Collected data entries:
════════════════

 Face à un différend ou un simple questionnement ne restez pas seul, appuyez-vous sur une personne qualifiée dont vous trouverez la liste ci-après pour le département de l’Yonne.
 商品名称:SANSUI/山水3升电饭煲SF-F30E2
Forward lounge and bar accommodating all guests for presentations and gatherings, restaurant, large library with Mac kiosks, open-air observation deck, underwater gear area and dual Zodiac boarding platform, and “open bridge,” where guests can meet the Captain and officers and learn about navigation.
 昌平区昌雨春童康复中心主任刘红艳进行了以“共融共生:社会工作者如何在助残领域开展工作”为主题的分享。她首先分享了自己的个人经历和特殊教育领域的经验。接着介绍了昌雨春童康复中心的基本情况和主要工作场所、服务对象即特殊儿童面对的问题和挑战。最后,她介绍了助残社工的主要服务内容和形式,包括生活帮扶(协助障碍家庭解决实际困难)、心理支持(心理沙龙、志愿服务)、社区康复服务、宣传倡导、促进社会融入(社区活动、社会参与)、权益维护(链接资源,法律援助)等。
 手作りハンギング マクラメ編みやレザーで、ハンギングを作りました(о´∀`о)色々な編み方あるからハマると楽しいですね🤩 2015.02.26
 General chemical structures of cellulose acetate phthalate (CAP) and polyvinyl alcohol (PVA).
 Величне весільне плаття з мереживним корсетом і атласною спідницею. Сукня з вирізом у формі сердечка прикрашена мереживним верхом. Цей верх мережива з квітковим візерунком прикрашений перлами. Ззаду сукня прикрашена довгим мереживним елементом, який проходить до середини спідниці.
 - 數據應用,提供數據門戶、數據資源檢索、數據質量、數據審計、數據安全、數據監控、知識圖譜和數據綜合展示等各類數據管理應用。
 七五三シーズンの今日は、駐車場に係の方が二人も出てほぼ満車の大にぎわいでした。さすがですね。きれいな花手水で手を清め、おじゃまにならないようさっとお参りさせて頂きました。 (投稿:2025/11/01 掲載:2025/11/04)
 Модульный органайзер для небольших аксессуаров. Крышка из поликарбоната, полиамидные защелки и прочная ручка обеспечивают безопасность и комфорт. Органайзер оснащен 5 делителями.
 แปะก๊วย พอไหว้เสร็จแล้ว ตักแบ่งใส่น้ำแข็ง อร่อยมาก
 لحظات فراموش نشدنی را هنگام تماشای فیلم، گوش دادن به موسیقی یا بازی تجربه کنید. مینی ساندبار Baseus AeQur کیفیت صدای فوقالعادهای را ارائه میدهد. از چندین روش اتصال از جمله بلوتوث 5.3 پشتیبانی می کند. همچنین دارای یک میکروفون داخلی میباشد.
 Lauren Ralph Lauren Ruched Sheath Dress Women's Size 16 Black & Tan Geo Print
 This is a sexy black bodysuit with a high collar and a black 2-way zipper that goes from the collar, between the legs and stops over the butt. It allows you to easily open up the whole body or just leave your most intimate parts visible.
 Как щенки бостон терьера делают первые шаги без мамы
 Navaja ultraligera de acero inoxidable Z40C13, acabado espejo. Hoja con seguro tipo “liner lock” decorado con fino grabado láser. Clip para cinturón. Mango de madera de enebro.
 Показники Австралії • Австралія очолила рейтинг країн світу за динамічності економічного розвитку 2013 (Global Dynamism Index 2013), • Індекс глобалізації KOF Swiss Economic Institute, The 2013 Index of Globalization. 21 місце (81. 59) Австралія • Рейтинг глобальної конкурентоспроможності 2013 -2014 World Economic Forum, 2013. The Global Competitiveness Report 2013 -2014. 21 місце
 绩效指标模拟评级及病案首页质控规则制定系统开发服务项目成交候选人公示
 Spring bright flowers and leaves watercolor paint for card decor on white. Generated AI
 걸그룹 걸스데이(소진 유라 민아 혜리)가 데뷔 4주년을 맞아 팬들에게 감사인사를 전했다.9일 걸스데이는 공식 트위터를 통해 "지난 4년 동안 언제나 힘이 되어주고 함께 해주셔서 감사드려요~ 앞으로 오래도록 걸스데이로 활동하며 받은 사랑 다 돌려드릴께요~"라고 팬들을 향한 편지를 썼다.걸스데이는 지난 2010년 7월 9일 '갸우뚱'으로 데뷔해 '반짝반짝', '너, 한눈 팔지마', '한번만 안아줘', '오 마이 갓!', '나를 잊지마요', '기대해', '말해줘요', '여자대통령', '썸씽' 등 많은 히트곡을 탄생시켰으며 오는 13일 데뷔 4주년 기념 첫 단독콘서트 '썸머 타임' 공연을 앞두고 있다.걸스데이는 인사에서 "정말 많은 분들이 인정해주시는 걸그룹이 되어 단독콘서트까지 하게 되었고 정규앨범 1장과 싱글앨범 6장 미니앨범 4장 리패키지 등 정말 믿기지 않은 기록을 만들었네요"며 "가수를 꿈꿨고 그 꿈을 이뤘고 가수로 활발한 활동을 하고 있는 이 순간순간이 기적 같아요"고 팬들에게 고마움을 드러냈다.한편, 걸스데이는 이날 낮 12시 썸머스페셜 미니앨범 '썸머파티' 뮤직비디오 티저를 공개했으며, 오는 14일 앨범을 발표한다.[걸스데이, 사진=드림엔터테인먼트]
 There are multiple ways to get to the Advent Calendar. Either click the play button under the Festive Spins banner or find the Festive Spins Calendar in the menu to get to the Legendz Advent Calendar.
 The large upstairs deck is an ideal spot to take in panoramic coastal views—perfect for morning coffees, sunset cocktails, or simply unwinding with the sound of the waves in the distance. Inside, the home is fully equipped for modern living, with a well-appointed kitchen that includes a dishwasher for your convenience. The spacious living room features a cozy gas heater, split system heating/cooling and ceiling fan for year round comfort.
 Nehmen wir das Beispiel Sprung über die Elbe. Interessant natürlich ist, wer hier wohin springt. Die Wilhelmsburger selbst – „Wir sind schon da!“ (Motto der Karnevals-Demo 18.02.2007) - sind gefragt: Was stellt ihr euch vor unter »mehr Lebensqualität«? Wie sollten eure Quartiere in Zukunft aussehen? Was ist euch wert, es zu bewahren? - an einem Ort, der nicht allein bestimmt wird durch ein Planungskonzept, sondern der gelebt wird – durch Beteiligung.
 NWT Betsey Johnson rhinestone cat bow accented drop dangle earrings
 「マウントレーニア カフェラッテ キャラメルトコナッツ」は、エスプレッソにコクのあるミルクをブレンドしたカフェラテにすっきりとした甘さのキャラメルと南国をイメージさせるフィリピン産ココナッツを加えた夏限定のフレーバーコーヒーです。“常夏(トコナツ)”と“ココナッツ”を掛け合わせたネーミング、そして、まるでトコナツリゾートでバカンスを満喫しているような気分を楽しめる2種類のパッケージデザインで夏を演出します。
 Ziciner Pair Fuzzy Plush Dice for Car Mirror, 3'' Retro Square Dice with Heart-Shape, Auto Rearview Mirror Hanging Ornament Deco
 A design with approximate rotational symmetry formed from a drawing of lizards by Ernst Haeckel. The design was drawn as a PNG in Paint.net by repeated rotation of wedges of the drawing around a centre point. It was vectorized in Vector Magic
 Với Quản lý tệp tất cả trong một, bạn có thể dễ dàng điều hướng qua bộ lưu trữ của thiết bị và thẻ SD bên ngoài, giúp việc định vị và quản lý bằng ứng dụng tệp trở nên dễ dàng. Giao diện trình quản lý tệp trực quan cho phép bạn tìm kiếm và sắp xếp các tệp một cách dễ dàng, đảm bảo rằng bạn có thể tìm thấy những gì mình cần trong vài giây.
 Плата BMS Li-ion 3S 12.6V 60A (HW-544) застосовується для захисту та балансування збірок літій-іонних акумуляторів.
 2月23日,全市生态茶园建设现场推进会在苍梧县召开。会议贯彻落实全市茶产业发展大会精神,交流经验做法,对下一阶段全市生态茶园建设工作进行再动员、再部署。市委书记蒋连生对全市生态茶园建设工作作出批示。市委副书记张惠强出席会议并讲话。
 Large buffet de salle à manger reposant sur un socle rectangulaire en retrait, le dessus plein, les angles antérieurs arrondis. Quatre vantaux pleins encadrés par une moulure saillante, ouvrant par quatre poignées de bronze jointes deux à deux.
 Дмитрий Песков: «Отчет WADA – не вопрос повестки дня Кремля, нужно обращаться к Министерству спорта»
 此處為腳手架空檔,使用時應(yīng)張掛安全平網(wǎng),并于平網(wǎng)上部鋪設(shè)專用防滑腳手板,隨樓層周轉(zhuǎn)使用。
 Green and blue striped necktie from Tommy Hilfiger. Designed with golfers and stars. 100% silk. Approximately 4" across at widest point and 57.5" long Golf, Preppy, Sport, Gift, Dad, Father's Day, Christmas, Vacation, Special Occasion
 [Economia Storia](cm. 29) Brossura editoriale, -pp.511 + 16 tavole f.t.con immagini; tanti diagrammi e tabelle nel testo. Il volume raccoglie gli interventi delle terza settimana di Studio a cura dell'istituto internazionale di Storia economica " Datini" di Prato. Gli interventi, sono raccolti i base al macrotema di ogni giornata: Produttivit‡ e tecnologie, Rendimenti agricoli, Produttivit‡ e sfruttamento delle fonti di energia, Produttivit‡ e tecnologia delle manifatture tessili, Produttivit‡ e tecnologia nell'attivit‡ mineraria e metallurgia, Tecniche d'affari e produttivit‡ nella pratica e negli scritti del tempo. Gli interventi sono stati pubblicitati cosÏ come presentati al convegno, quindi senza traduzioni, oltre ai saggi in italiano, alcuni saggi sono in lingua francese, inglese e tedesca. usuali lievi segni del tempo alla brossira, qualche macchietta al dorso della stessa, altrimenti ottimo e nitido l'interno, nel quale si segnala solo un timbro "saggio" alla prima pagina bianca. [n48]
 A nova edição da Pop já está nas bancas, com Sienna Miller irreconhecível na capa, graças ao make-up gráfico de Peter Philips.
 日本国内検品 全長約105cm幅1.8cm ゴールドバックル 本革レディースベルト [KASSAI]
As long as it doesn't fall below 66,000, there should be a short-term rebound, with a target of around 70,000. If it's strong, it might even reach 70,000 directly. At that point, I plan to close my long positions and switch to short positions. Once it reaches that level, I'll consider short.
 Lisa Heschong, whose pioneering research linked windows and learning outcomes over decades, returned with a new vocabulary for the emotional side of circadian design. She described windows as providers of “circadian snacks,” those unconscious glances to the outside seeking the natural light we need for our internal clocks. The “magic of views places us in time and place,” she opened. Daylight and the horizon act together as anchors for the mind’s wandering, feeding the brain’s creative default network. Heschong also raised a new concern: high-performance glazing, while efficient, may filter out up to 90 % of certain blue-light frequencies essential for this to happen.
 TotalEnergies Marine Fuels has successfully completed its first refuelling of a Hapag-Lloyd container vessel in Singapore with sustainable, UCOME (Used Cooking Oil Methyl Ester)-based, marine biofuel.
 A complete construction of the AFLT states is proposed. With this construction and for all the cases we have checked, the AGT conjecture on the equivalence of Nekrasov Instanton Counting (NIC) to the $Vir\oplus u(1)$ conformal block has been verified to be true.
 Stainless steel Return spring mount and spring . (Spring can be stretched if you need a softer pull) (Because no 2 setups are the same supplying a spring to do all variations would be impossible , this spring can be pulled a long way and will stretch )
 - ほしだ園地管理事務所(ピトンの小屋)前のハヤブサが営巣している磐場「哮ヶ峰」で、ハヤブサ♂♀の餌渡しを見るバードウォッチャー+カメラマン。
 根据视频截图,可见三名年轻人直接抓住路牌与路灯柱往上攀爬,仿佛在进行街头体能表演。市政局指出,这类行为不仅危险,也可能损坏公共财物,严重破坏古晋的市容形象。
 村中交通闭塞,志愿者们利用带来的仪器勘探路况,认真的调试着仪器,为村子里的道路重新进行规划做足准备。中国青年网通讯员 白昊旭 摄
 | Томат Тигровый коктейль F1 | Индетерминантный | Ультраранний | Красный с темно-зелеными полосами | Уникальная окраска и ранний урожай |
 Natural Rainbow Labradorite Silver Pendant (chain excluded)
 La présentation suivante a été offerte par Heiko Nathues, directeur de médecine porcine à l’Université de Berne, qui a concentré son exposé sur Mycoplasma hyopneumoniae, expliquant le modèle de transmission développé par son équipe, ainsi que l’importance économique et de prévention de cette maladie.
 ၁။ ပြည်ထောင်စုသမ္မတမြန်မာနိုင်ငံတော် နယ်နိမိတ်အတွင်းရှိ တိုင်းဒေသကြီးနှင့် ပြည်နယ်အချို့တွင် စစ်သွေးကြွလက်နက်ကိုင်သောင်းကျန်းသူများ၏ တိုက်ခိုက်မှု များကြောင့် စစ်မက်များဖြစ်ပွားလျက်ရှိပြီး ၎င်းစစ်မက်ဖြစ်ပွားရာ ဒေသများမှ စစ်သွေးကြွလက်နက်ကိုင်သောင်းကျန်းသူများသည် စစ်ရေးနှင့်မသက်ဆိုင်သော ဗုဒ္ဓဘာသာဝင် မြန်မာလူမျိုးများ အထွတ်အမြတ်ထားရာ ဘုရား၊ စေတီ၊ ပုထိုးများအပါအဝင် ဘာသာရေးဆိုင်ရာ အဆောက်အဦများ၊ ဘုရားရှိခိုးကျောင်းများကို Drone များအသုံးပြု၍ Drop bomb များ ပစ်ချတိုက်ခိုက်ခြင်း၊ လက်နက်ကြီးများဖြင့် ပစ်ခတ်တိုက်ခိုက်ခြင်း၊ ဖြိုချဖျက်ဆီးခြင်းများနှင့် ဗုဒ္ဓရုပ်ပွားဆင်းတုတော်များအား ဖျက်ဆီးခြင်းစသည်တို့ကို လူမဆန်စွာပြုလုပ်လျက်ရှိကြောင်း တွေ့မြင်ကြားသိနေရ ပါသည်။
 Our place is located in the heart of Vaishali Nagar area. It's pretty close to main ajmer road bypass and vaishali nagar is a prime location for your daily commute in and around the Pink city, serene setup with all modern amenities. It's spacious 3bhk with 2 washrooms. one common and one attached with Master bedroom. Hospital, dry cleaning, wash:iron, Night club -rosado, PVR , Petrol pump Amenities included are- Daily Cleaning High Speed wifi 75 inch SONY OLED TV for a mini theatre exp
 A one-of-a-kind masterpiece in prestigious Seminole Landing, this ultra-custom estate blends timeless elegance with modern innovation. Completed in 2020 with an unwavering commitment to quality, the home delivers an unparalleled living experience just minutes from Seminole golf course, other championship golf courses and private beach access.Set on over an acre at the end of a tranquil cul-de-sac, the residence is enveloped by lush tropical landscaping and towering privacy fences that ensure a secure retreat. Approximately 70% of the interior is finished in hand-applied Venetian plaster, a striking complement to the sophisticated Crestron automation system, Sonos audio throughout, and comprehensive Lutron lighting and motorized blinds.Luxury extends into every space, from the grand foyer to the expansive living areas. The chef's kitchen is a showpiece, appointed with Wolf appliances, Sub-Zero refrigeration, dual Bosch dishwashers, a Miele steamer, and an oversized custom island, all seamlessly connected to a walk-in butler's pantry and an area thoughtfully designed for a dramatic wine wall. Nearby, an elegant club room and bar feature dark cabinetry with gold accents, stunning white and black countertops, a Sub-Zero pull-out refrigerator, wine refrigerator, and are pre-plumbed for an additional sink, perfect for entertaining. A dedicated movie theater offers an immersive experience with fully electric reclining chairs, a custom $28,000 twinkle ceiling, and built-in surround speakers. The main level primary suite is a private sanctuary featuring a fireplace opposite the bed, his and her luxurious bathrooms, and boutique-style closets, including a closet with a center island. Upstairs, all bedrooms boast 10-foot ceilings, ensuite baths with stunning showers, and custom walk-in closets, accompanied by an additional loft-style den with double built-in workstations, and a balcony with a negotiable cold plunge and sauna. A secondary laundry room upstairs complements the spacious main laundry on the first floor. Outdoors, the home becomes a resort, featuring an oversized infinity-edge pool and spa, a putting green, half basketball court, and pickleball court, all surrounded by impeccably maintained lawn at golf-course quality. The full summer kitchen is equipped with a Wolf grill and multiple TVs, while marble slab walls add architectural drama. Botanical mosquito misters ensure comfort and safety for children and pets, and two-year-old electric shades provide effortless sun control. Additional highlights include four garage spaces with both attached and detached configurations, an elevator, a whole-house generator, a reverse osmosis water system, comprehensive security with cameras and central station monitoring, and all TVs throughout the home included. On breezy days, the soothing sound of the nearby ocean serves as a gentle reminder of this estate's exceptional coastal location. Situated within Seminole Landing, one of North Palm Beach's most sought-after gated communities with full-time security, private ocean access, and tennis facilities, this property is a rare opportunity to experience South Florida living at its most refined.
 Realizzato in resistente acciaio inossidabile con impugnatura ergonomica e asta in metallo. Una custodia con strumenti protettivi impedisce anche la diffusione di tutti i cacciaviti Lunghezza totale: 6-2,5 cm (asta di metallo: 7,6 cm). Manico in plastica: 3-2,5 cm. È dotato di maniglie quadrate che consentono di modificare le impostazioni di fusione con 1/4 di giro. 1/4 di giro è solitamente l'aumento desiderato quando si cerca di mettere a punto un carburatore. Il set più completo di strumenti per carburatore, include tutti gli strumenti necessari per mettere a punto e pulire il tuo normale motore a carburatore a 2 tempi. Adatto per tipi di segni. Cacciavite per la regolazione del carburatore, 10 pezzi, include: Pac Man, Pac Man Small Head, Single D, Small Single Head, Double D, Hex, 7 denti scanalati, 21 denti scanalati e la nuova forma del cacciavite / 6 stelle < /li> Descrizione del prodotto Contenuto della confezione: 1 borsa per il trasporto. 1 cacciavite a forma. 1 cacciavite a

════════════════

Task goal →
Extract the lines above, from the first one through the one containing "Величне весільне плаття", and return only those, unchanged.

Answer section →
 Face à un différend ou un simple questionnement ne restez pas seul, appuyez-vous sur une personne qualifiée dont vous trouverez la liste ci-après pour le département de l’Yonne.
 商品名称:SANSUI/山水3升电饭煲SF-F30E2
Forward lounge and bar accommodating all guests for presentations and gatherings, restaurant, large library with Mac kiosks, open-air observation deck, underwater gear area and dual Zodiac boarding platform, and “open bridge,” where guests can meet the Captain and officers and learn about navigation.
 昌平区昌雨春童康复中心主任刘红艳进行了以“共融共生:社会工作者如何在助残领域开展工作”为主题的分享。她首先分享了自己的个人经历和特殊教育领域的经验。接着介绍了昌雨春童康复中心的基本情况和主要工作场所、服务对象即特殊儿童面对的问题和挑战。最后,她介绍了助残社工的主要服务内容和形式,包括生活帮扶(协助障碍家庭解决实际困难)、心理支持(心理沙龙、志愿服务)、社区康复服务、宣传倡导、促进社会融入(社区活动、社会参与)、权益维护(链接资源,法律援助)等。
 手作りハンギング マクラメ編みやレザーで、ハンギングを作りました(о´∀`о)色々な編み方あるからハマると楽しいですね🤩 2015.02.26
 General chemical structures of cellulose acetate phthalate (CAP) and polyvinyl alcohol (PVA).
 Величне весільне плаття з мереживним корсетом і атласною спідницею. Сукня з вирізом у формі сердечка прикрашена мереживним верхом. Цей верх мережива з квітковим візерунком прикрашений перлами. Ззаду сукня прикрашена довгим мереживним елементом, який проходить до середини спідниці.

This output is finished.